Он послал мухе воздушный поцелуй и прощение и растянулся на диване, устроился поудобнее. Настроение соответствовало погоде, хотелось сбросить кого-нибудь с моста средней высоты. Зимин попробовал сварить себе какао, однако почему-то не получилось, какао умудрилось подгореть, и Зимину это понравилось.

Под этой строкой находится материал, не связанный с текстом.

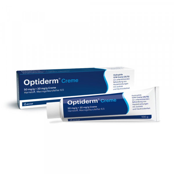 Optiderm enthält als einziges Arzneimittel eine Kombination aus den Wirkstoffen Urea (Harnstoff) und Polidocanol. Es pflegt die Haut und spendet intensiv Feuchtigkeit.

После «Жигулей» болели ноги и спина, Зимин притащил тазик горячей воды, налил и уселся париться. Надо было сходить к отцу, но на улице продолжался дождь, и Зимин подумал, что он слишком устал. Даже таз с водой не помогает. И поэтому он, пожалуй, сходит к отцу попозже, а сейчас…
А сейчас Зимину было плохо. Скучно как-то, не хватало чего-то.
Лары.
Он понимал это, ему не хватало Лары. Поговорить бы, посидеть, глядя в окно…
Зимин вспомнил, как Лара обычно валялась на подоконнике, читала, болтая ногой, или просто болтала ногой. Теперь подоконник был пуст, и Зимину казалось, что эта пустота распространяется от подоконника вокруг, на всю комнату, на всю квартиру, на весь дом и дальше, до горизонта.
Эта пустота как-то втягивала в себя и Зимина, пустоту эту надо было чем-то заполнить, Зимин решил почитать. Он огляделся в поисках книги шаговой доступности, и книгой этой оказалась тетрадь с дневником. Оставалось там совсем мало, и Зимин решил дочитать. А то как-то незаконченно получается. Он дотянулся до тетрадки двумя пальцами, потянул. Тетрадка упала на пол, в пальцах остались желтые листы бумаги.
Письма.
Письма так письма, решил Зимин.
А почерк действительно похож на почерк Лары.
Только помельче.
Письма
Опять привет.
Читала тут про Парцифаля. Пошла в библиотеку, нашла литературу. Значит, отправляешься искать Грааль? Почетно. Как найдешь, скажи мне. Что-то ты давно не выбирался, только в столовой появляешься. Чем занимаешься? Все фехтование? Или опять без парашюта прыгаете?
А у нас опыты. Отец привез скорпионов, теперь работаем с эмпатией. По сравнению с волком скорпион – камень. Но не все так безнадежно, сейчас работаю с группой из пяти штук, и кажется, кое-что получается. В прошлый раз ты спрашивал, а можно ли с рыбой такие штуки проделывать? Рыба все-таки не животное. Провела ряд опытов с пираньями. И тоже эффект есть. Конечно, сама рыба на сковороду не прыгает, но практический смысл присутствует. Рыбу можно собрать в шар и заставить держаться в нужном углу аквариума. Можно вызвать неконтролируемый приступ паники, и тогда пираньи действительно выскакивают… Только мне их жалко. На реке можно попробовать приманить сома, это интересно, я только сейчас подумала.
Ты там как вообще? Простуда не проходит? Осторожнее с этим, простуду запускать не стоит, могут начаться осложнения. Оглохнуть можно, или фурункулез еще. Ешь морковь с чесноком, в столовой салат дают.
А что у тебя за меч? Красивый. Толедо? Слушай, когда пойдешь к реке, захвати, а? Посмотрим, можно ли им разрубить лепестки роз. Если можно, то и я себе такой хочу, спросишь?
Слушай, а идея с шашлыком из бананов мне понравилась, было вкусно. Мне кажется, что надо нам устроить настоящий банановый шашлык, ну, и, в общем, шашлык из разных необычных вещей – из пиццы, из баранок, из огурцов.
Слушай, а ты специально ту сосну уронил? Ну, которая над рекой зависла? Там так здорово! Сидишь, как в кресле, а вода рядом, можно опустить ноги в реку. А шиповник по берегам растет так густо, что кажется, все плывет в розовом аромате. Отличная идея с сосной. Ха! У меня сейчас идея смешная возникла – вот если залезть на сосну, опустить ноги в воду и приманить рыб. Пусть они за пятки кусают!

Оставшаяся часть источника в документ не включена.